Monomorphization as a primary implementation strategy doesn't make a
lot of sense in PHP: It is important for languages like C++ or Rust,
where the ability to specialize code for specific types is highly
performance critical (and even so code size remains a big problem). In
PHP, we will not get enough performance benefit out of it to justify
the memory cost (again, when talking about blanket monomorphization).
Especially as it's not clear how it would be possible to cache
monomorphized methods in opcache (due to immutability requirements).
The only reason why monomorphization was suggested as an
implementation strategy at all is that it would make the
implementation of a naive generics model simpler: The premise is that
we just need to generate new class entries for everything, and the
rest of the engine doesn't need to know anything about generics.
However, this doesn't hold up once you consider variance for generic
parameters (Traversable<int> is a Traversable<int|string>), as such
relations cannot really be modelled without direct knowledge of the
generic parameters.
With full monomorphized generics, we can discover new variants of a
generic class effectively forever. This is especially bad for generic
data structures, which is also generics' biggest use-case. In practice,
this means higher memory consumption (incl. higher risk of frequent
opcache restarts due to filling shared memory) and more time looking up
classes, for no benefit. That said, it's hard to argue one way or
another without concrete numbers, so that should be the first step to
progress the conversation beyond what we had 6 years ago.
Secondly, I was able to get limited inference "for free" with this
approach.
From my testing on your branch, the type inference is very limited.

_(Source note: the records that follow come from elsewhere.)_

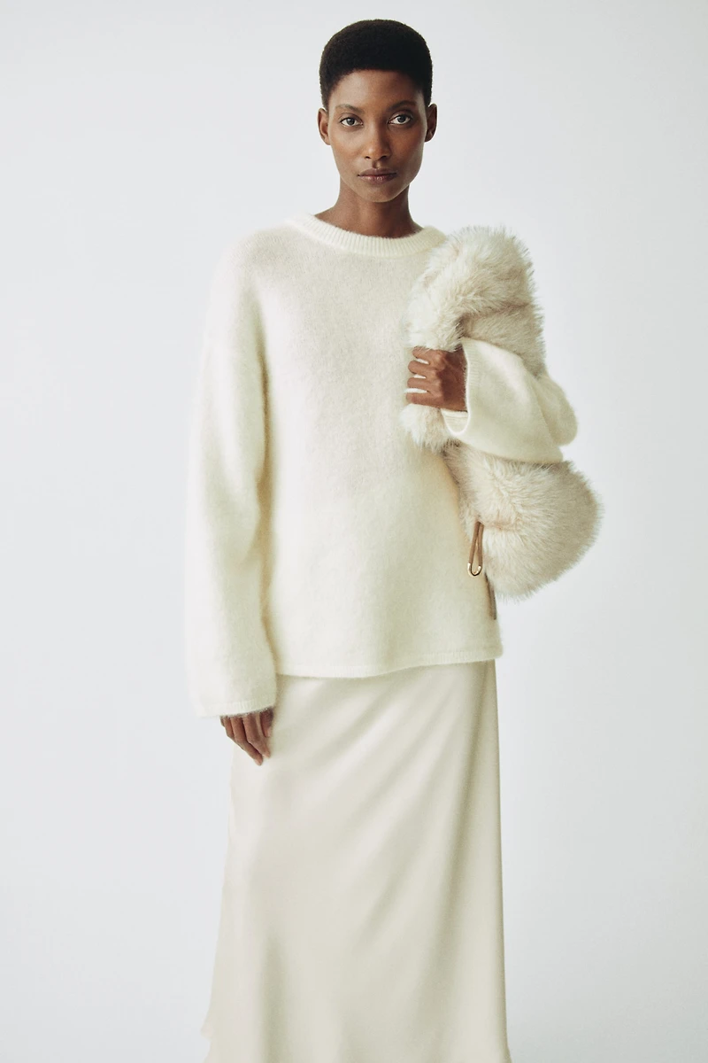 Chandail en doux tricot enrichi d'une touche de mohair et de laine. Coupe ample avec emmanchures tombantes et manches longues. Finition côtelée à l'encolure, aux poignets et au bas.
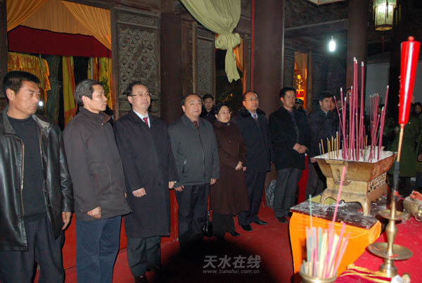 正月十六,是人文始祖太昊伏羲氏的誕辰。當日零時,由民間組織舉辦的“2007(丁亥)年民間祭祀伏羲活動”在伏羲廟正式開始,市領(lǐng)導(dǎo)張廣智、孫周秦、李美華,市長助理彭鴻嘉參加了祭祀活動。 (記者 閆鵬飛攝)
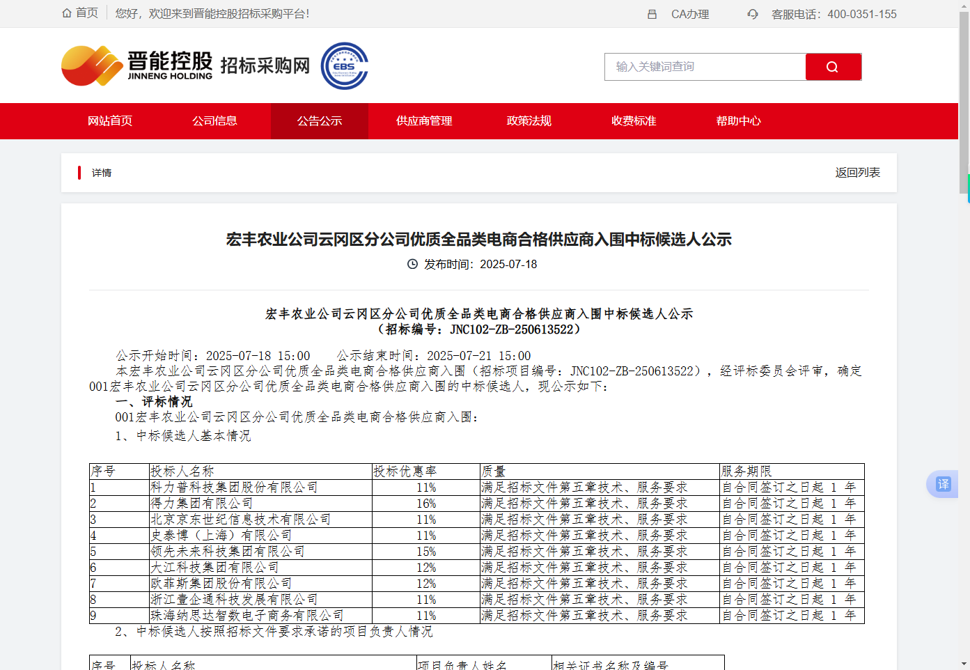【喜報】恭喜我司入圍宏豐農業公司雲岡區分公司優質全品類電商項目中標候選人
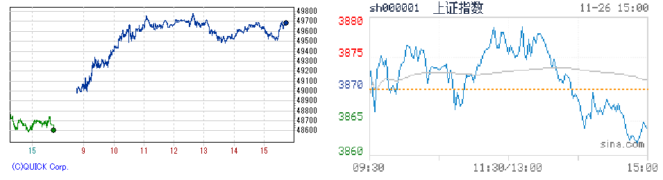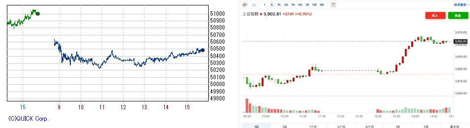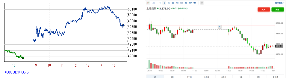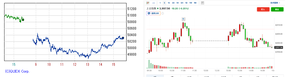 日経先物(左) /上海総合 (右)
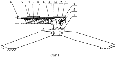 Перед стрельбой оружие (условно не показано) устанавливается в направляющие 9 люльки 5 и закрепляется выступом 8 штока 6. При этом происходит поджатие пружины 7 при действии на заднюю часть подвижной втулки 10, ограниченной от перемещения через цапфу 11 рычагом 12. Усилие поджатия пружины обеспечивает уравновешивание массы оружия с люлькой 5 относительно оси вращения 4. При возвышении люльки 5 происходит приближение центра тяжести оружия с люлькой по горизонтали к оси 4 и уменьшение величины момента тяжести относительно оси 4. Одновременно за счет разности в положениях оси 4 и оси 13 опорная часть вилки рычага 12 приближается к оси 4, а втулка 10 с цапфой 11 под действием пружины 7 смещается назад. Происходит уменьшение поджатия пружины 7 соответственно уменьшению момента сил тяжести оружия с люлькой, происходит уравновешивание оружия с люлькой на всех углах возвышения и склонения оружия. После придания оружию необходимого угла возвышения или склонения стопорение люльки с оружием осуществляется известным устройством в составе механизмов вертикального наведения. При выстреле оружия короб оружия, связанный со штоком 6 посредством выступа 8, перемещается назад. Шток 6 сжимает пружину 7, задний конец которой упирается во втулку 10, удерживаемую рычагом 12 через цапфу 11 в неподвижном состоянии. Пружина 7, сжимаясь и разжимаясь после выстрела, амортизирует откат оружия и возвращает его в исходное положение перед очередным выстрелом. Характеристики пружины 7 и расстояние между осями 4 и 13 выбираются конструктивно исходя из энергии отдачи оружия и его веса.
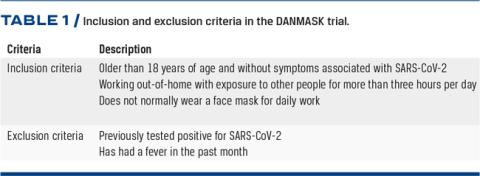 Inclusion criteria are adults (above 18 years of age) who are not recommended wearing face masks at work according to Danish authorities, working out-of-home with exposure to other people for more than three hours per day and who have not previously been infected with COVID-19 (Table 1).

First of all, Nikita explains why type inference is important to begin with:
Generics are already hard on a purely conceptual level -- while we
tend to talk about the implementation issues, as these are the
immediate blocker, there's plenty of design aspects that remain
unclear. One part that bothers me in particular is the question of
type inference:
function test(): List<int> {
// We don't want to write this:
return new List<int>(1, 2, 3);
// We want to write this:
return new List(1, 2, 3);
}
We certainly wouldn't want people to write out more types in PHP than
they would do in a modern statically typed language like Rust.
However, I don't really see how type inference for generic parameters
could currently be integrated into PHP, primarily due to the very
limited view of the codebase the PHP compiler has (it only sees one
file at a time). The above example is obvious, but nearly anything
beyond that seems to quickly shift into "impossible".
The above example seems to apply to your implementation (while working
in Seifeddine's branch):
class Box<T> {
public function __construct(public T $value) {}
}
// Cannot instantiate generic class Box without type arguments;
type parameter T has no default
$box = new Box(42);
// Ok
$box = new Box::<int>(42);
PHP static analyzers are necessarily very capable at static type
inference, so this is at least a significant discrepancy between your
implementation and a type erasure approach. This actually also questions
the gradual typing narrative for type erasure (i.e. "we can add type
checks later"), because it's questionable a reified approach will
support the exact set of (correct) programs the erased approach will.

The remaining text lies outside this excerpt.